As of September, 30, 2017, we had received an aggregate of $197.2 million in net proceeds comprised of $115.5 million from the issuance of private equity securities, $7.7 million from the issuance of convertible notes, $10.0 million from business development activities, $0.2 million from government grants, $62.5 million from our IPO and $1.3 million from the sale of common stock under our at-the-market, or ATM, program with Cowen and Company, LLC.

 

We have never been profitable and have incurred net losses in each year since inception.

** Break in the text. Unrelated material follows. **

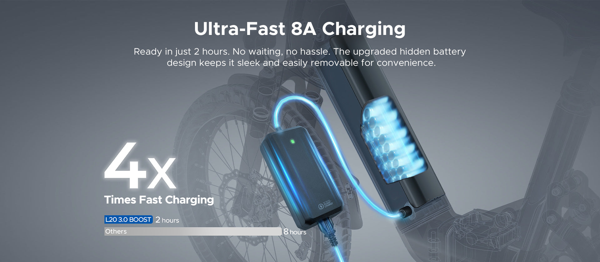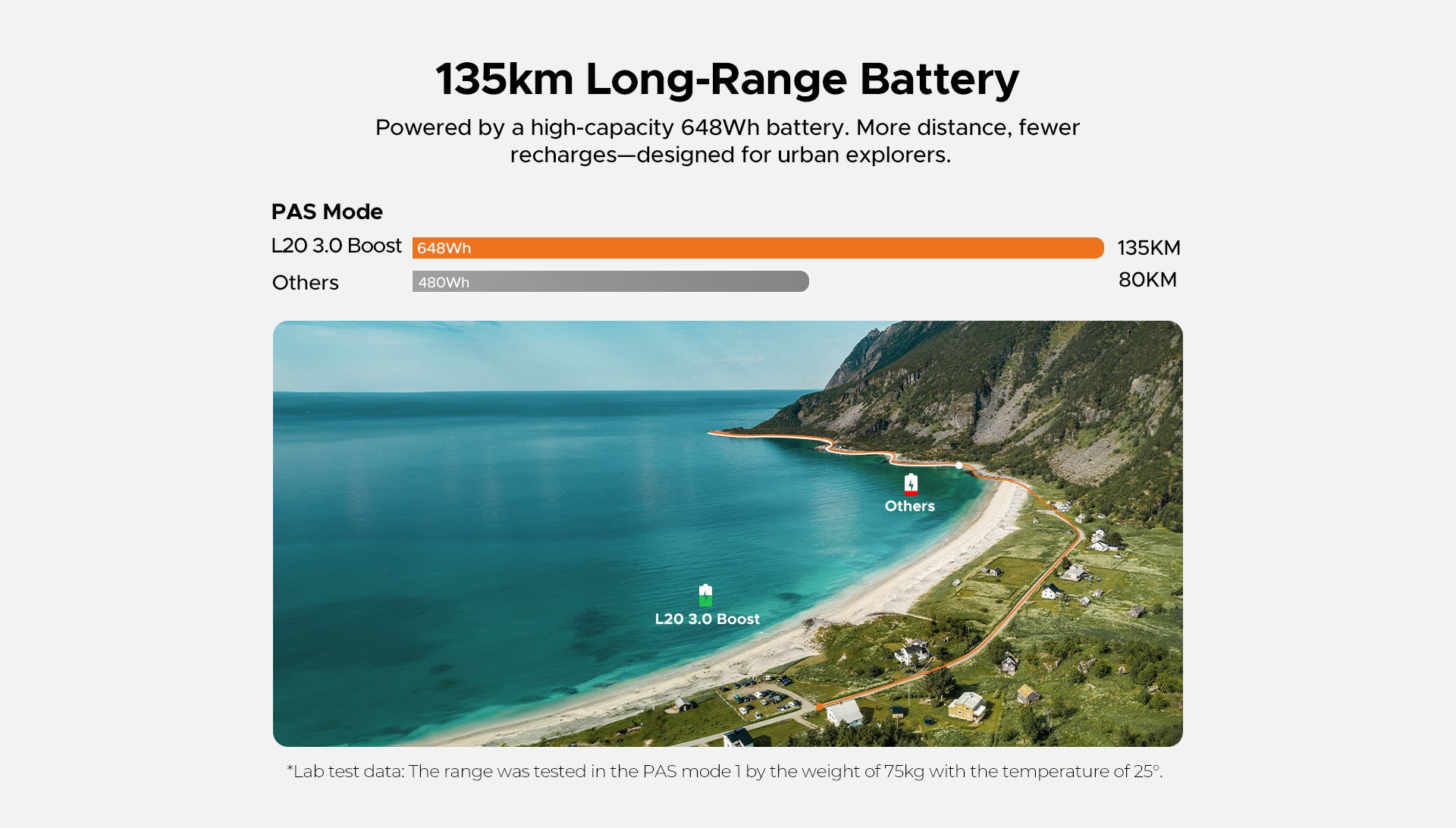 The L20 3.0 Boost offers a range of up to 120 km (75 miles) per charge in optimal riding conditions. Actual distance depends on rider weight, terrain, riding mode, and weather.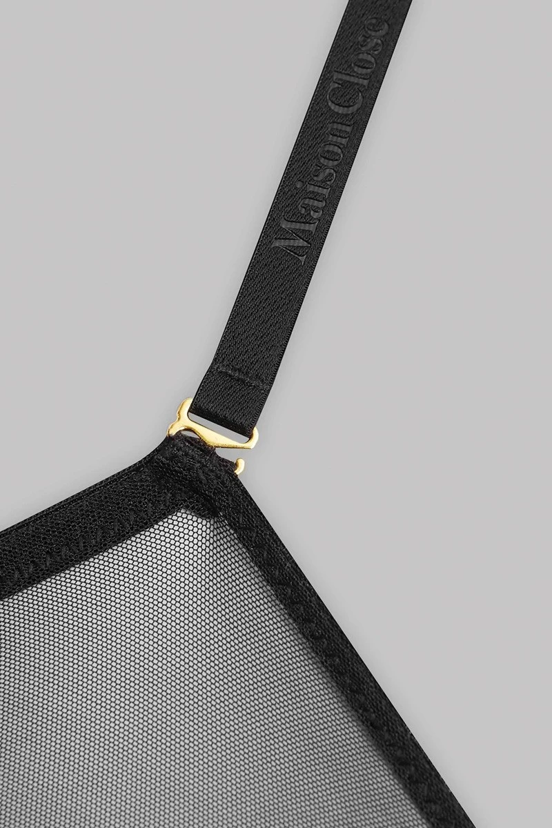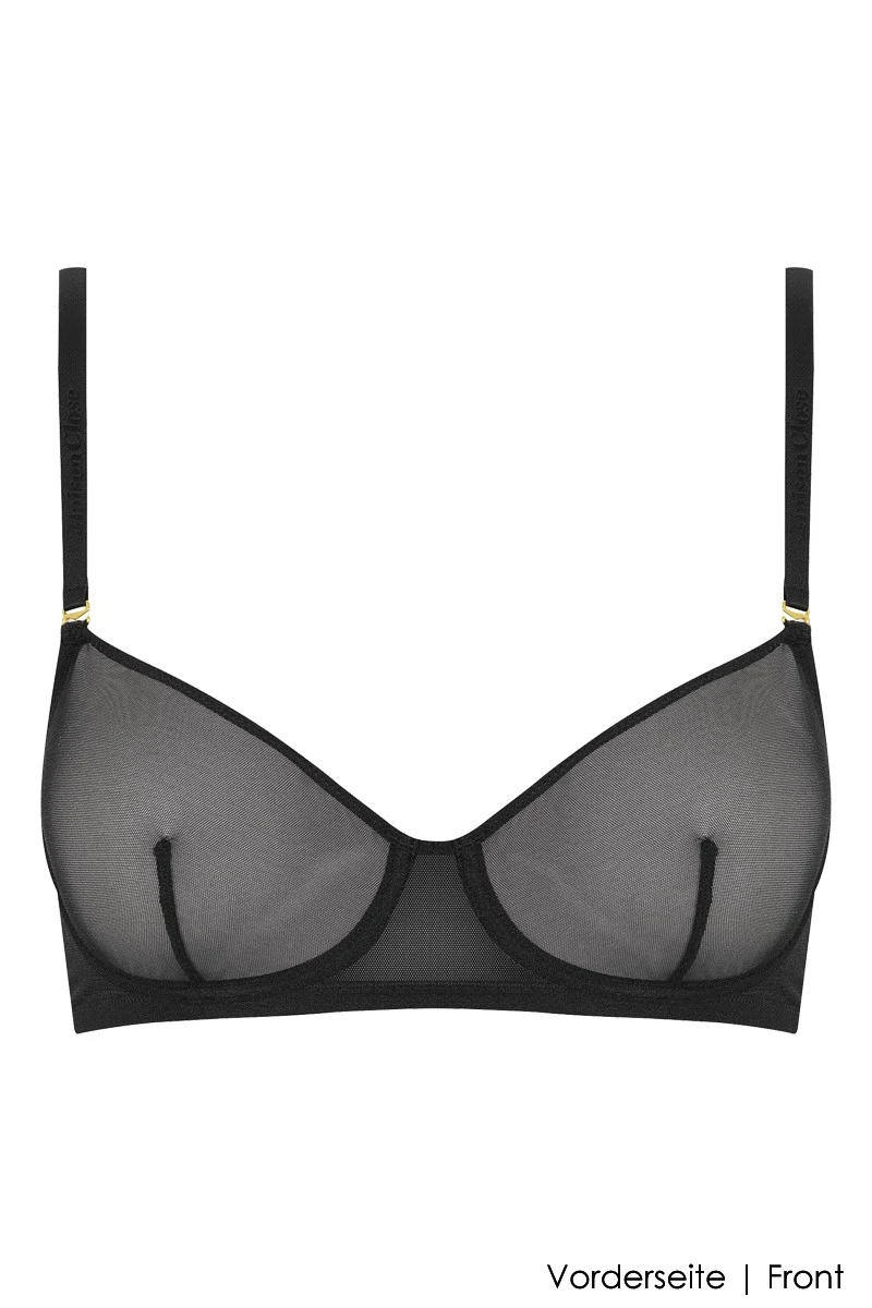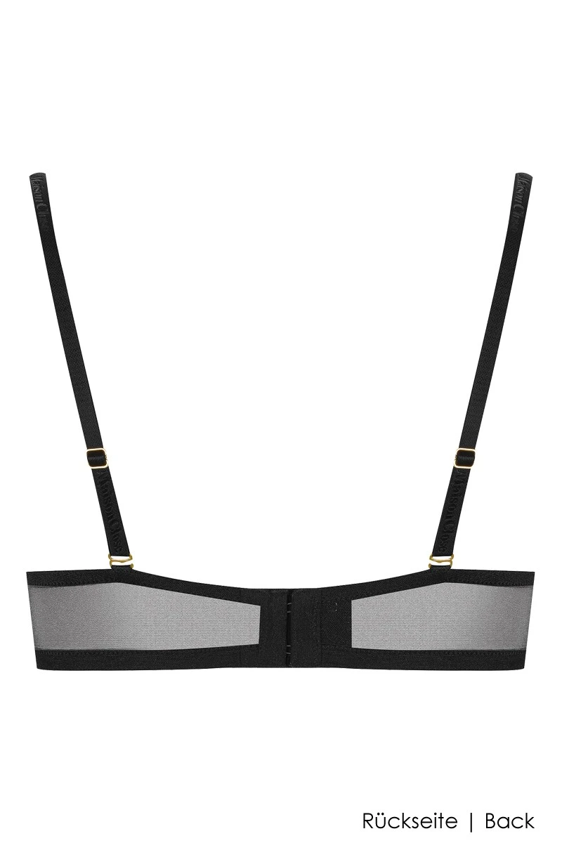 This sheer mesh balcony bra of the black Corps a Corps line is a multi-talented lingerie eye-catcher with the DNA of a timeless classic. Thanks to its sexy see-through design and the modern construction of the bra, it will serve you as comfortable daily use lingerie as well as stunning erotic lingerie that will make you look your very best when you want it the most. Light and airy, the breathable microtulle gently touches your carasses your body, shaping a naturally beautiful decolleté. Be inspired by our “Complete the Look” slider and wear this black bra with other black styles of the same line or dare a mix with the hynotizing neon colours that are also available in our store. Embrace the mix & match options…even the shoulderstraps can be exchanged for the ones of a different colored bra of the same line!

As of September 30, 2017, we had an accumulated deficit of $184.2 million and our net loss for the three and nine months ended September 30, 2017 was $12.3 million and $24.4 million. We expect to incur significant expenses and increasing operating losses for the foreseeable future. We expect our research and development expenses to increase as we continue the clinical trials of, and seek regulatory approval for, vonapanitase. If we obtain regulatory approval for vonapanitase, we expect to incur significant commercialization expenses related to product sales, marketing, manufacturing and distribution. Furthermore, we expect that our general and administrative costs will increase as we grow and operate as a public company. As a result, we will need to generate significant revenue if we are to achieve profitability, and we may never be able to do so.